Atypical behaviour and connectivity in SHANK3-mutant macaques – Nature.com

Atypical behaviour and connectivity in SHANK3-mutant macaques – Nature.com

Abstract

Mutation or disruption of the SH3 and ankyrin repeat domains 3 (SHANK3) gene represents a highly penetrant, monogenic risk factor for autism spectrum disorder, and is a cause of Phelan–McDermid syndrome. Recent advances in gene editing have enabled the creation of genetically engineered non-human-primate models, which might better approximate the behavioural and neural phenotypes of autism spectrum disorder than do rodent models, and may lead to more effective treatments. Here we report CRISPR–Cas9-mediated generation of germline-transmissible mutations of SHANK3 in cynomolgus macaques (Macaca fascicularis) and their F1 offspring. Genotyping of somatic cells as well as brain biopsies confirmed mutations in the SHANK3 gene and reduced levels of SHANK3 protein in these macaques.

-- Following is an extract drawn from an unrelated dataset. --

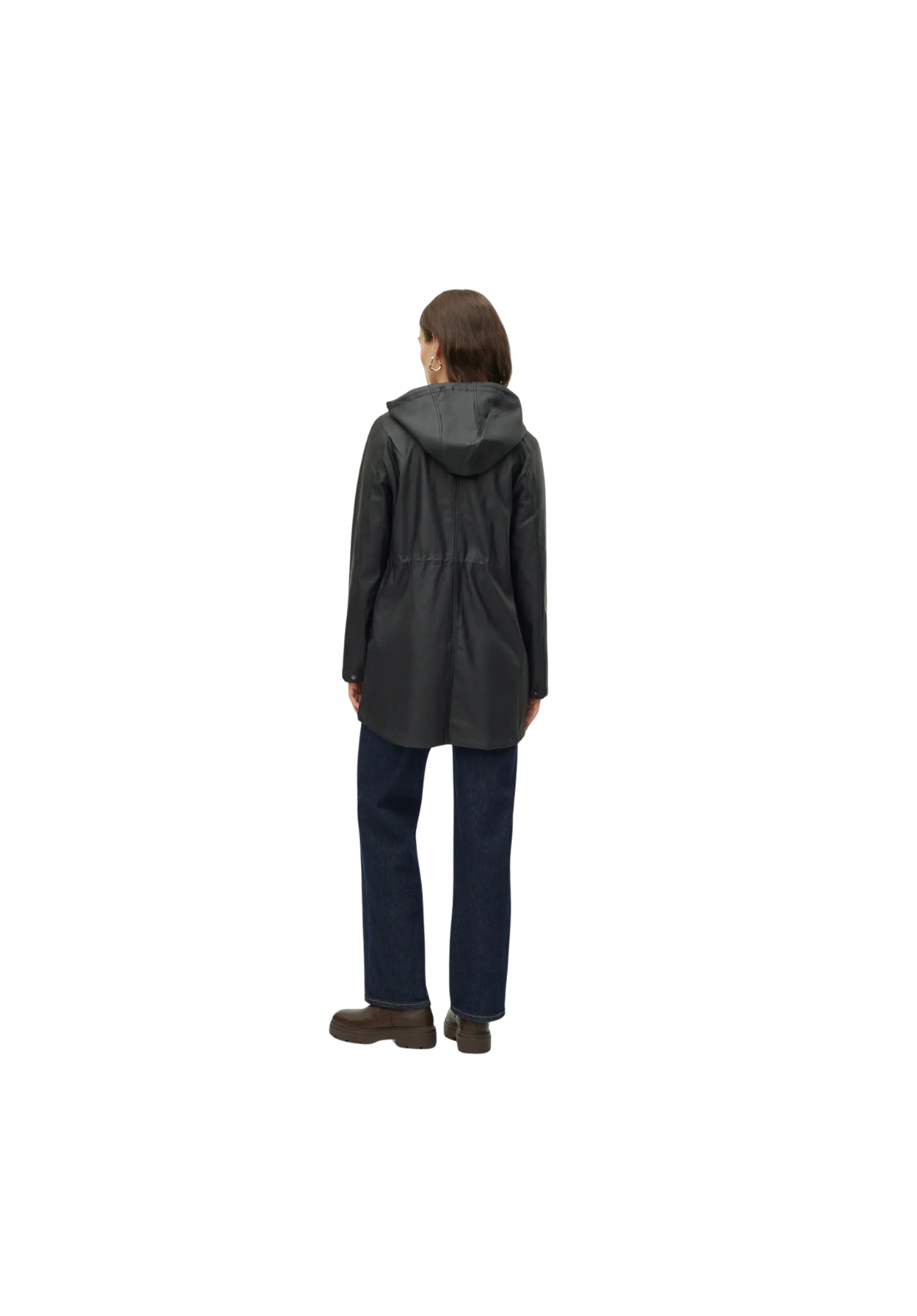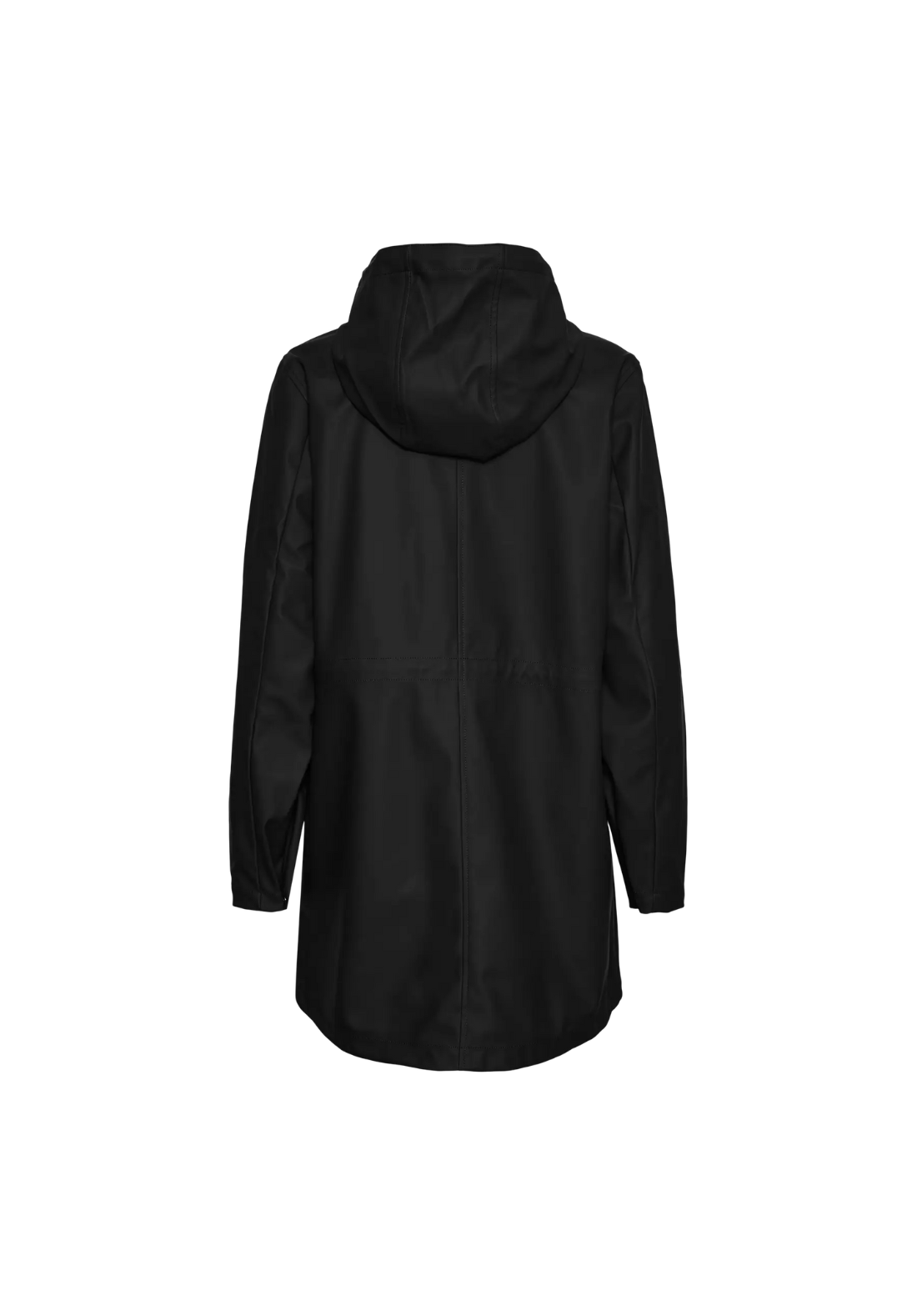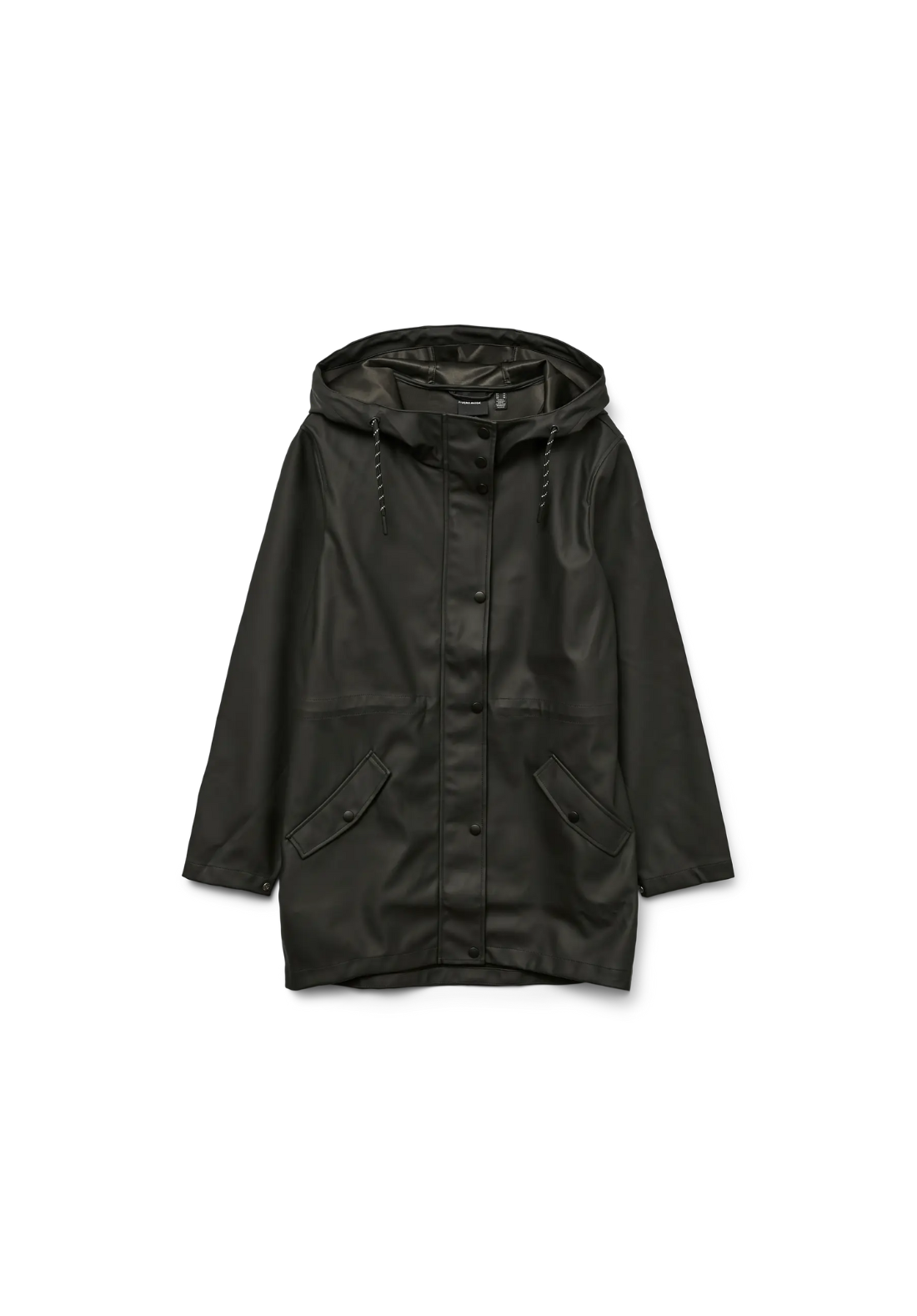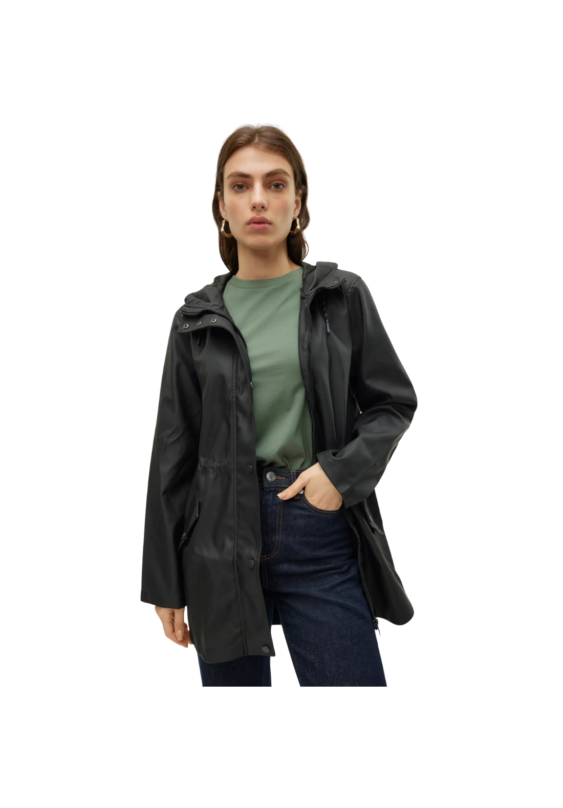 Chaqueta impermeable con capucha. Tiene bolsillos laterales con cierre de botón a presión y un cordón en la cintura para ajustarla.

Analysis of data from functional magnetic resonance imaging revealed altered local and global connectivity patterns that were indicative of circuit abnormalities. The founder mutants exhibited sleep disturbances, motor deficits and increased repetitive behaviours, as well as social and learning impairments. Together, these results parallel some aspects of the dysfunctions in the SHANK3 gene and circuits, as well as the behavioural phenotypes, that characterize autism spectrum disorder and Phelan–McDermid syndrome.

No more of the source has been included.